§ **WORK TASK**
Using the listing below, copy exactly each line from the one that has "You can even" through the one that has "Reinvent your porch"; omit the pictures.

§ **LISTED ENTRIES**
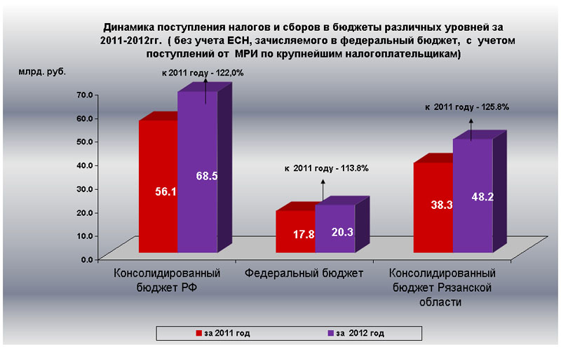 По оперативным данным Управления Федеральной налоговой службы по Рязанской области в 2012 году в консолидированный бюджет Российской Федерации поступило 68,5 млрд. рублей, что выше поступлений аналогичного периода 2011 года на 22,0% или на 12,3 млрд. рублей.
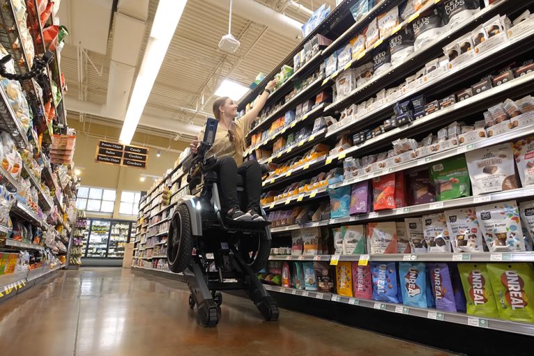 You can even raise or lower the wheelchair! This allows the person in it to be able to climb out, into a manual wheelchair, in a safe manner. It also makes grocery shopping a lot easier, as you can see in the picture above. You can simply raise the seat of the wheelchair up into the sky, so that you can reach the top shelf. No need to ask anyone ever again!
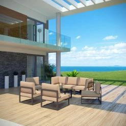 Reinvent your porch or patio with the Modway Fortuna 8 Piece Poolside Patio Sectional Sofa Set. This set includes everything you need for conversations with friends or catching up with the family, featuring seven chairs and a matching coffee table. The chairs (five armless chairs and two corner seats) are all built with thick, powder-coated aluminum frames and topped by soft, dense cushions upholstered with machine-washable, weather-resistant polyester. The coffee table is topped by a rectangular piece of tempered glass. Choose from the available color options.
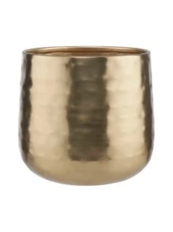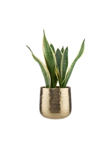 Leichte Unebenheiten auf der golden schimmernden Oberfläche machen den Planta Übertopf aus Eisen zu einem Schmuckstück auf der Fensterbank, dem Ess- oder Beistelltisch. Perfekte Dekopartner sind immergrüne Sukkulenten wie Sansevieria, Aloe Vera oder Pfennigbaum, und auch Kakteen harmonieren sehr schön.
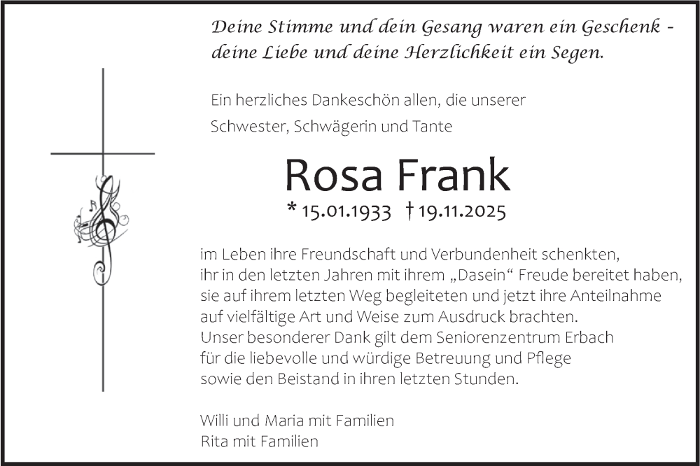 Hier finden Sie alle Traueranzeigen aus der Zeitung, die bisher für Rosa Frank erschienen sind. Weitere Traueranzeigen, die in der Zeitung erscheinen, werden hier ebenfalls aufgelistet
* * *
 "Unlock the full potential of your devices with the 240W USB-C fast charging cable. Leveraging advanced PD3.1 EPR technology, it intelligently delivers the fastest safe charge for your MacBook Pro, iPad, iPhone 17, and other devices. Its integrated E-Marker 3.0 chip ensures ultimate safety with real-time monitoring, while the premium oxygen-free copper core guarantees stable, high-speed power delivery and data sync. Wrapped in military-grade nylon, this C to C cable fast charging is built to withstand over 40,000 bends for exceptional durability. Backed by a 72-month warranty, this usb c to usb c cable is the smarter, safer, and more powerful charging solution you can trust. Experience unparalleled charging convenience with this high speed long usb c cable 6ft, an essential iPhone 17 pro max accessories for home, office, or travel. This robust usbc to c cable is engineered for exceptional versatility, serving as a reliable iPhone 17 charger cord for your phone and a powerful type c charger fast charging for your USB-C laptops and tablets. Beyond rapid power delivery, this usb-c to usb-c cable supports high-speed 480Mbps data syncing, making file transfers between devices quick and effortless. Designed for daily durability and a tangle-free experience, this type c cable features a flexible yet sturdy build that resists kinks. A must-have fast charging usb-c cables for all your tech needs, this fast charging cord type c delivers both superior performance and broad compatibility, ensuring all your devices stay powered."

§ **EXERCISE ANSWER**
 You can even raise or lower the wheelchair! This allows the person in it to be able to climb out, into a manual wheelchair, in a safe manner. It also makes grocery shopping a lot easier, as you can see in the picture above. You can simply raise the seat of the wheelchair up into the sky, so that you can reach the top shelf. No need to ask anyone ever again!
 Reinvent your porch or patio with the Modway Fortuna 8 Piece Poolside Patio Sectional Sofa Set. This set includes everything you need for conversations with friends or catching up with the family, featuring seven chairs and a matching coffee table. The chairs (five armless chairs and two corner seats) are all built with thick, powder-coated aluminum frames and topped by soft, dense cushions upholstered with machine-washable, weather-resistant polyester. The coffee table is topped by a rectangular piece of tempered glass. Choose from the available color options.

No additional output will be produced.